ASSIGNMENT >> Please reproduce all of the data exactly as it appears, but skip the pictures.

(Items from a data source)
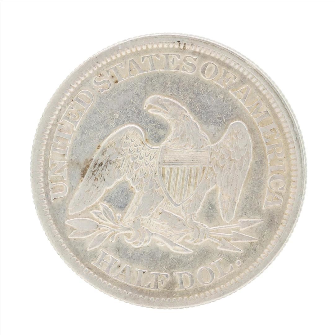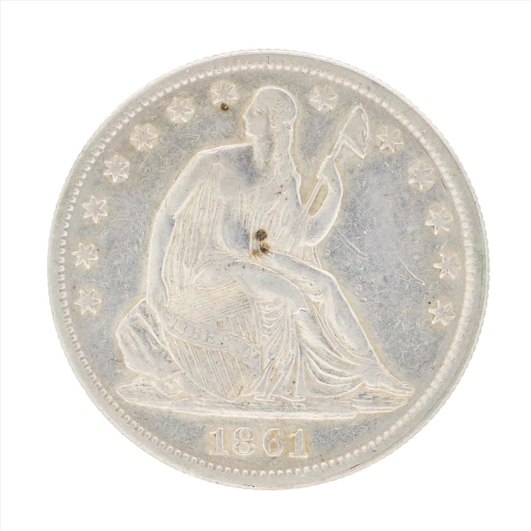 One 1861 Seated Liberty Half Dollar Coin.
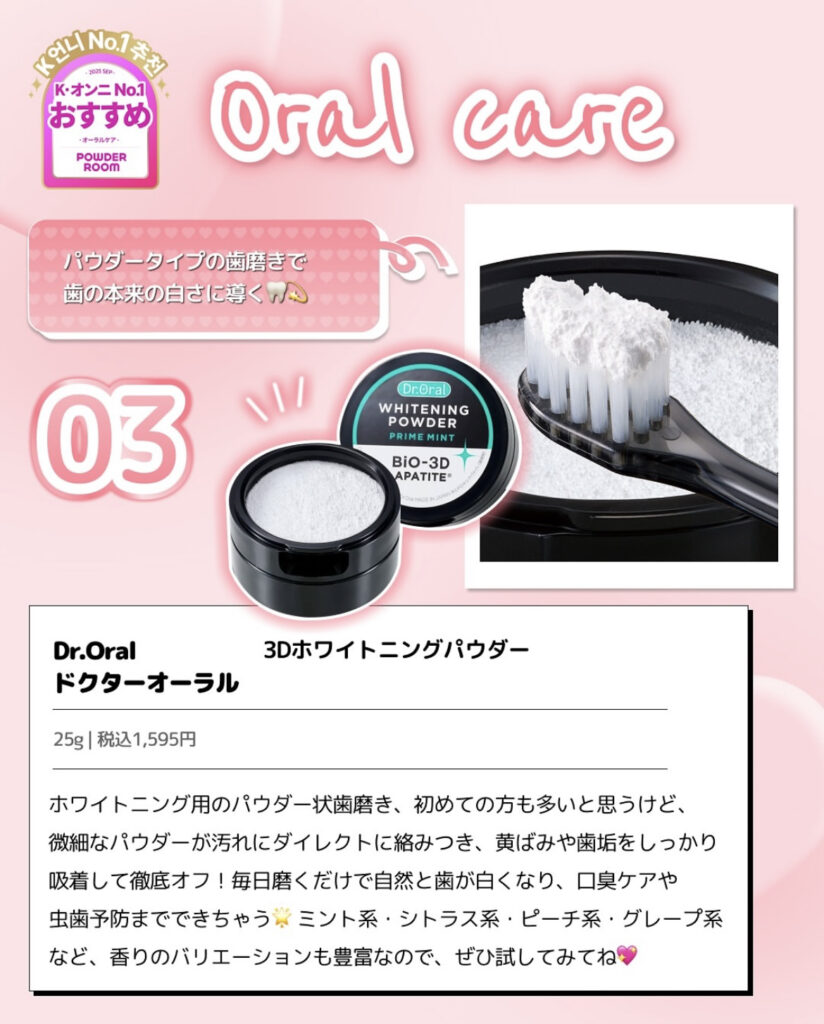 Dr.Oral(ドクターオーラル)3Dホワイトニングパウダーが、韓国最大級のビューティープラットフォーム『POWDER ROOM』が厳選した、いま注目のアイテムとして、『K・オンニおすすめ』オーラルケア部門の1位を獲得しました!!粉ハミガキでは日本初の受賞となります!
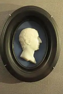 When Hamilton returned to England for a third period of leave, in 1783–84, he brought with him a Roman glass vase, which had once belonged to the Barberini family and which later became known as the Portland Vase. Hamilton had bought it from a dealer and sold it to the Duchess of Portland with the help of his niece Mary Hamilton, who was the duchess's literary friend. The cameo work on the vase again served as inspiration to Josiah Wedgwood, this time for his jasperware. The vase was eventually bought by the British Museum.[17] He was elected a Foreign Honorary Member of the American Academy of Arts and Sciences in 1792.[18]
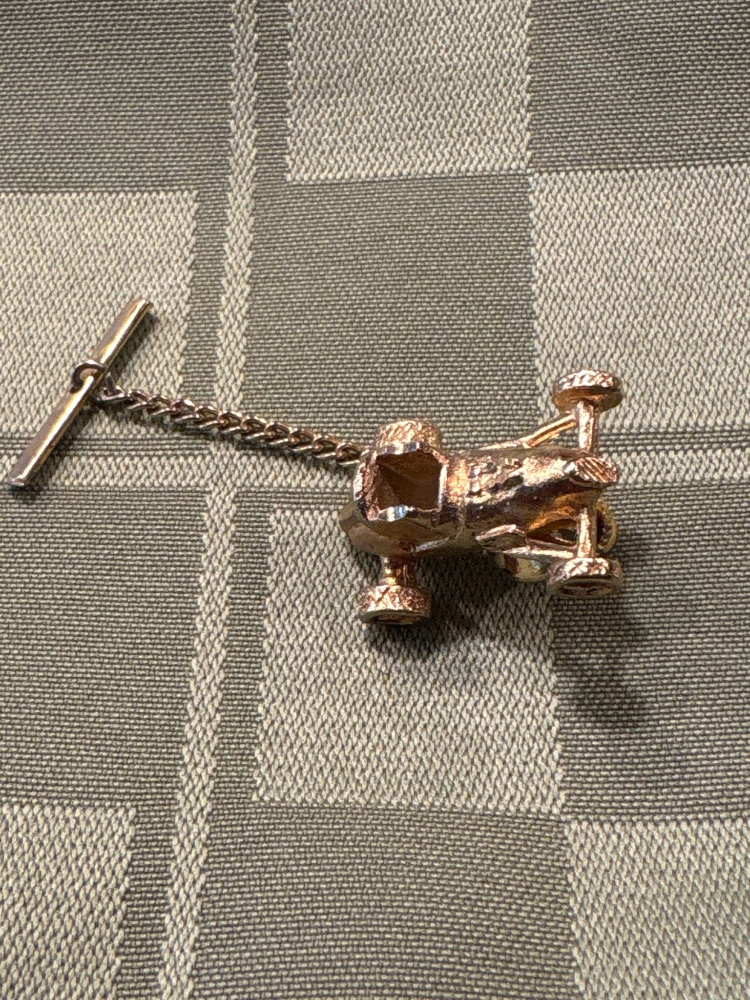Vintage Gold-Tone Race Car Tie Tack with Security Chain
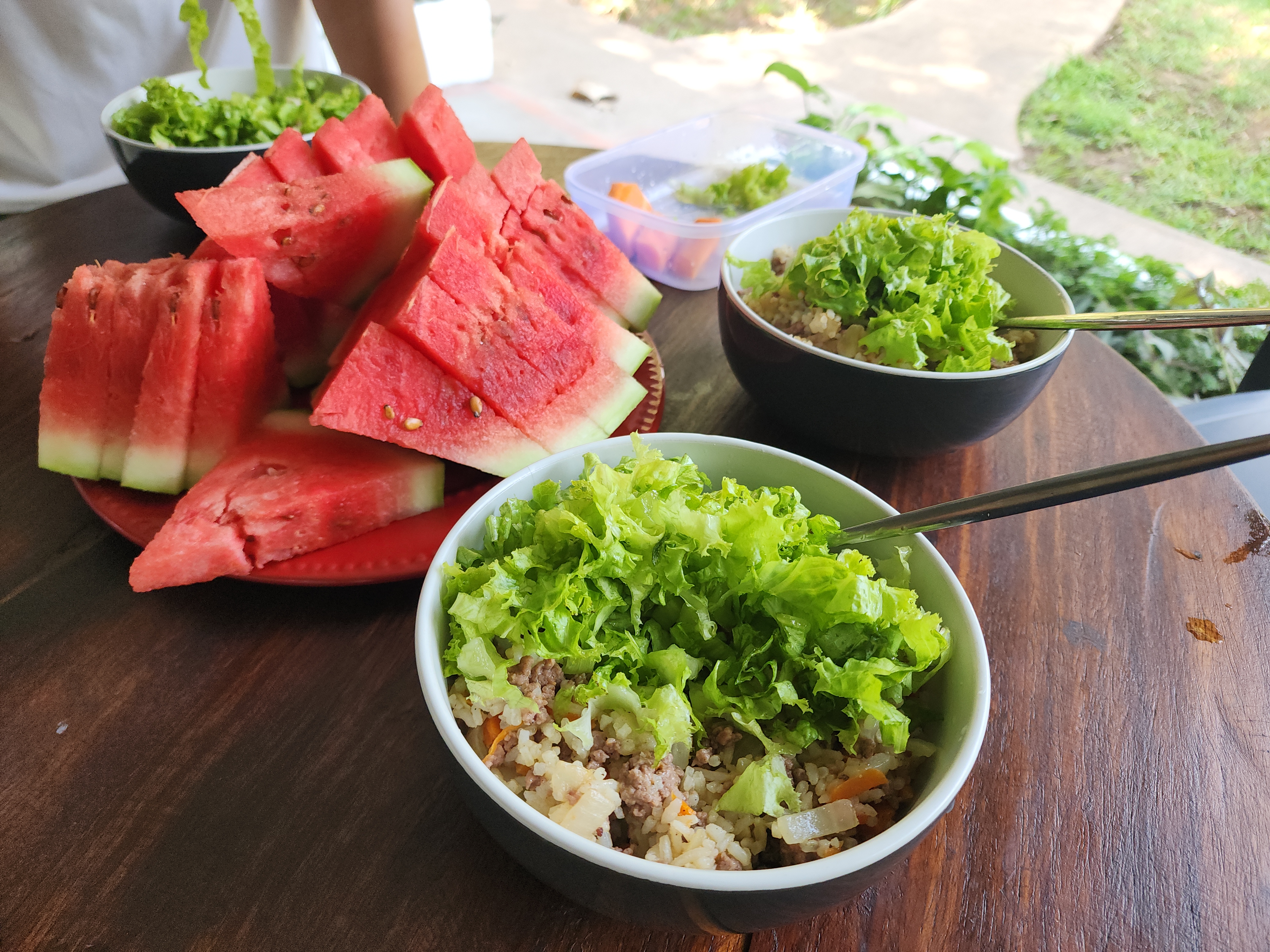 한국인 여행자를 만나 참기름과 고추장 비빔밥을 해먹었다.
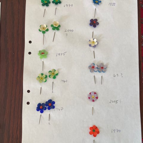 • Blandade metallknappar, pärlemor, plast, retrofärger och ovanliga modeller
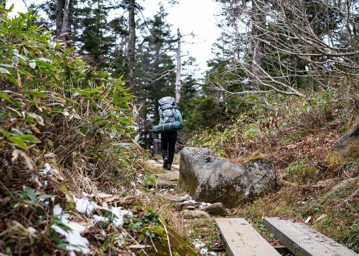 本当はせっかく泊まり登山するなら初日に焼岳を登ってから西穂高岳方面に向かいたかったのですが、上高地から焼岳へのルートは冬季閉鎖中。中尾高原口からのルートも、こちらは災害復旧工事のため閉鎖中と、アクセス不可能なため断念し、西穂高岳へのピストン登山に決定。
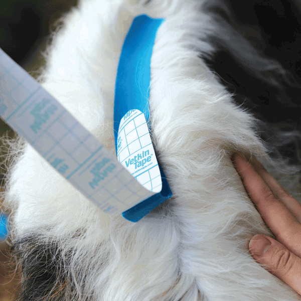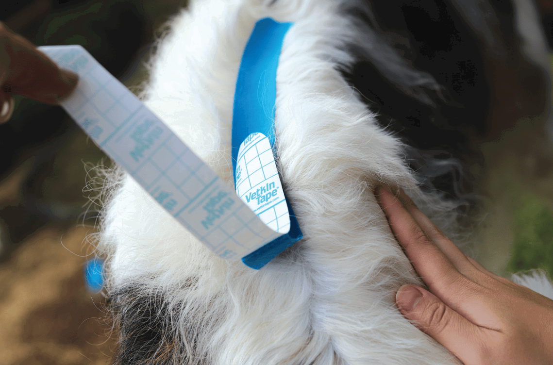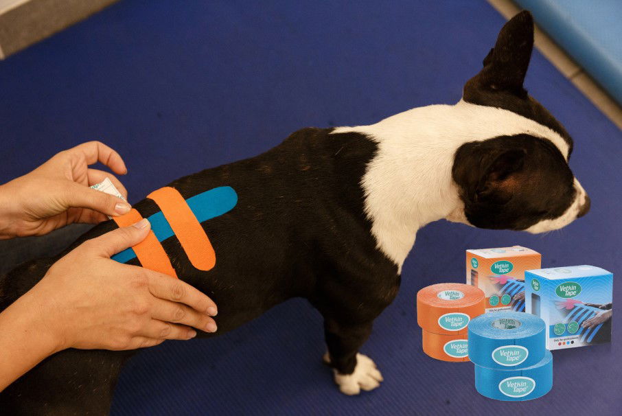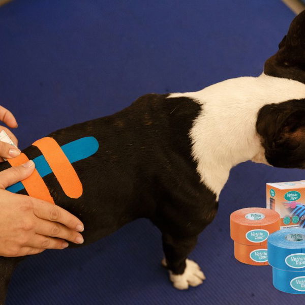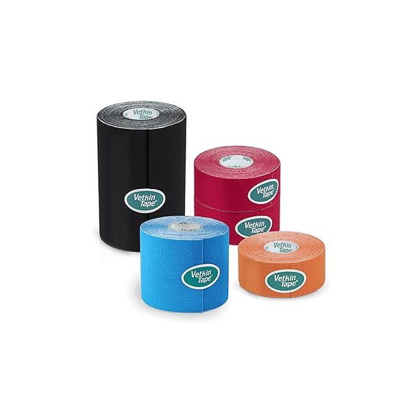Akrilna ljepljiva traka bez lateksa, posebno je dizajnirana za rehabilitaciju pasa. Aktivira se temperaturom, hipoalergena je i prijateljska prema psećoj dlaci i koži, a zbog valovitog uzorka osigurava udobnost. Tanka, elastična, pamučna "kineziotape" traka za potporu terapiji pasa, namijenjena je kinezioterapijama za životinje. VetkinTape® kineziološka traka je siguran proizvod bez lateksa s oznakom kvalitete TUV.
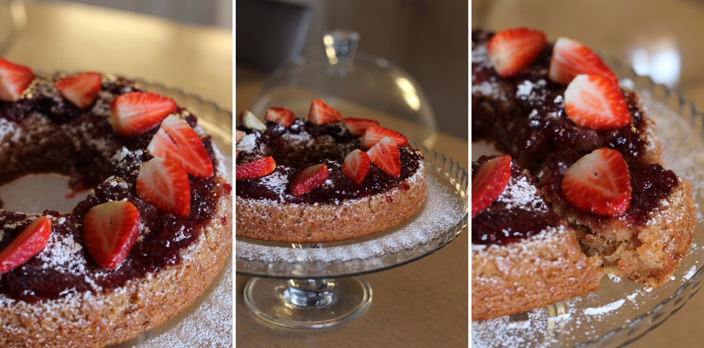 Όταν το κέικ μας είναι έτοιμο το αφήνουμε να κρυώσει καλά κι βάζουμε από πάνω τη μαρμελάδα και τις φράουλες!
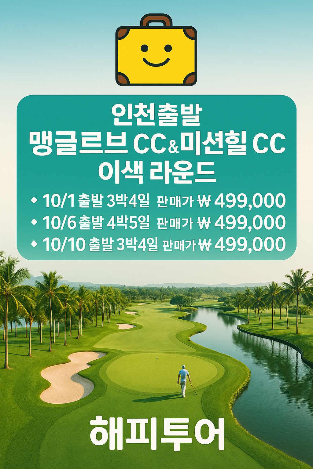 | 인천출발해외골프⛳ 중국 하문 남태무CC 4박5일 – 골프 동호회·가족여행 추천 🏌 (3) | 2025.09.18 |
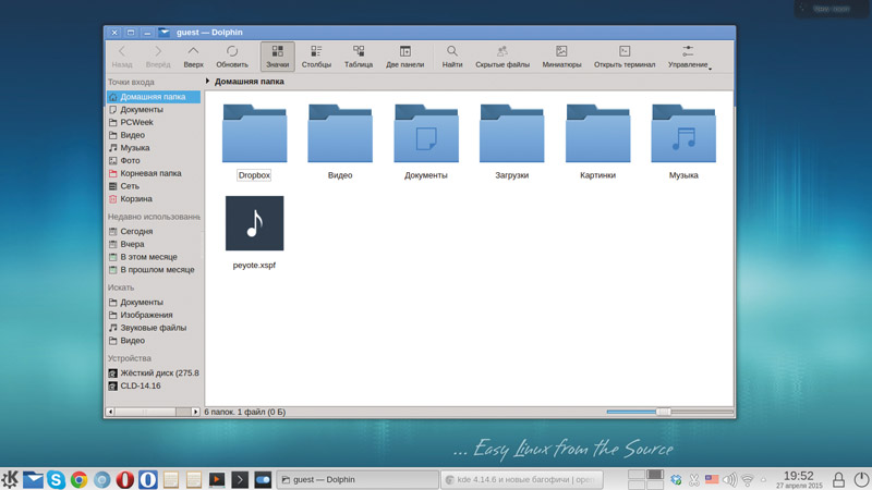 Используемая версия KDE — KDE 4.14.6. К сожалению, в ней встречаются некоторые ошибки. В частности, файловый менеджер Dolphin не позволяет добавлять точки входа привычным для пользователя способом — «перетаскивать» каталог в боковую панель. Для обхода этого недостатка следует дать команду открытия файла в любой KDE-программе и проделать все необходимые процедуры в открывшемся окне.
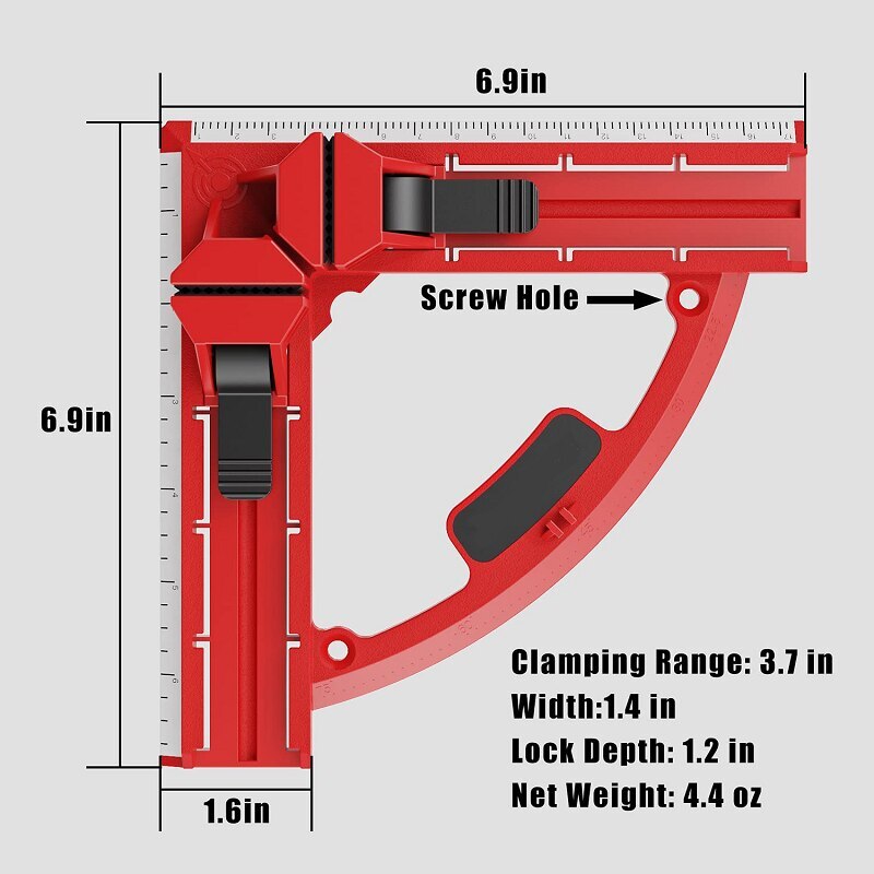 【Trava de fixação rápida】: Com a trava de fixação rápida integrada na braçadeira de ângulo ajustável, você gastará menos tempo fazendo o trabalho. Os gabaritos de canto para madeira são a escolha ideal para iniciantes ou profissionais. Você se beneficiará muito ao trabalhar em um porta-retratos ou gabinete.
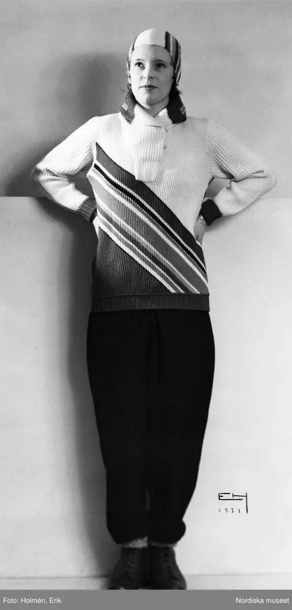 Modell i sportkläder. Stickad tröja och mössa med ränder, mörka byxor och pjäxor.
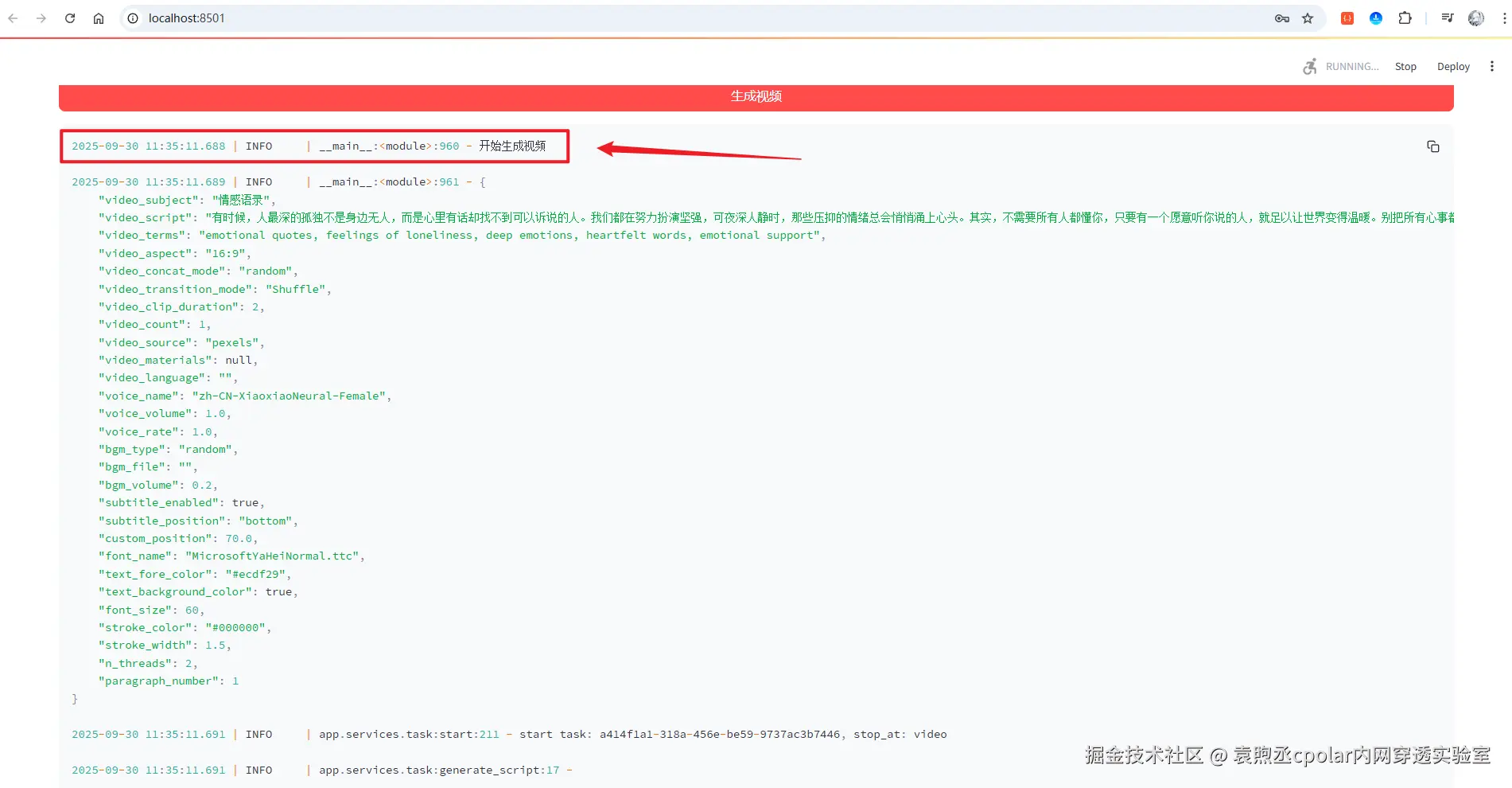 通过前面的配置,我们已经成功实现了 MoneyPrinterTurbo

WRITTEN RESPONSE >>
 One 1861 Seated Liberty Half Dollar Coin.
 Dr.Oral(ドクターオーラル)3Dホワイトニングパウダーが、韓国最大級のビューティープラットフォーム『POWDER ROOM』が厳選した、いま注目のアイテムとして、『K・オンニおすすめ』オーラルケア部門の1位を獲得しました!!粉ハミガキでは日本初の受賞となります!
 When Hamilton returned to England for a third period of leave, in 1783–84, he brought with him a Roman glass vase, which had once belonged to the Barberini family and which later became known as the Portland Vase. Hamilton had bought it from a dealer and sold it to the Duchess of Portland with the help of his niece Mary Hamilton, who was the duchess's literary friend. The cameo work on the vase again served as inspiration to Josiah Wedgwood, this time for his jasperware. The vase was eventually bought by the British Museum.[17] He was elected a Foreign Honorary Member of the American Academy of Arts and Sciences in 1792.[18]
Vintage Gold-Tone Race Car Tie Tack with Security Chain
 한국인 여행자를 만나 참기름과 고추장 비빔밥을 해먹었다.
 • Blandade metallknappar, pärlemor, plast, retrofärger och ovanliga modeller
 本当はせっかく泊まり登山するなら初日に焼岳を登ってから西穂高岳方面に向かいたかったのですが、上高地から焼岳へのルートは冬季閉鎖中。中尾高原口からのルートも、こちらは災害復旧工事のため閉鎖中と、アクセス不可能なため断念し、西穂高岳へのピストン登山に決定。
Akrilna ljepljiva traka bez lateksa, posebno je dizajnirana za rehabilitaciju pasa. Aktivira se temperaturom, hipoalergena je i prijateljska prema psećoj dlaci i koži, a zbog valovitog uzorka osigurava udobnost. Tanka, elastična, pamučna "kineziotape" traka za potporu terapiji pasa, namijenjena je kinezioterapijama za životinje. VetkinTape® kineziološka traka je siguran proizvod bez lateksa s oznakom kvalitete TUV.
 Όταν το κέικ μας είναι έτοιμο το αφήνουμε να κρυώσει καλά κι βάζουμε από πάνω τη μαρμελάδα και τις φράουλες!
 | 인천출발해외골프⛳ 중국 하문 남태무CC 4박5일 – 골프 동호회·가족여행 추천 🏌 (3) | 2025.09.18 |
 Используемая версия KDE — KDE 4.14.6. К сожалению, в ней встречаются некоторые ошибки. В частности, файловый менеджер Dolphin не позволяет добавлять точки входа привычным для пользователя способом — «перетаскивать» каталог в боковую панель. Для обхода этого недостатка следует дать команду открытия файла в любой KDE-программе и проделать все необходимые процедуры в открывшемся окне.
 【Trava de fixação rápida】: Com a trava de fixação rápida integrada na braçadeira de ângulo ajustável, você gastará menos tempo fazendo o trabalho. Os gabaritos de canto para madeira são a escolha ideal para iniciantes ou profissionais. Você se beneficiará muito ao trabalhar em um porta-retratos ou gabinete.
 Modell i sportkläder. Stickad tröja och mössa med ränder, mörka byxor och pjäxor.
 通过前面的配置,我们已经成功实现了 MoneyPrinterTurbo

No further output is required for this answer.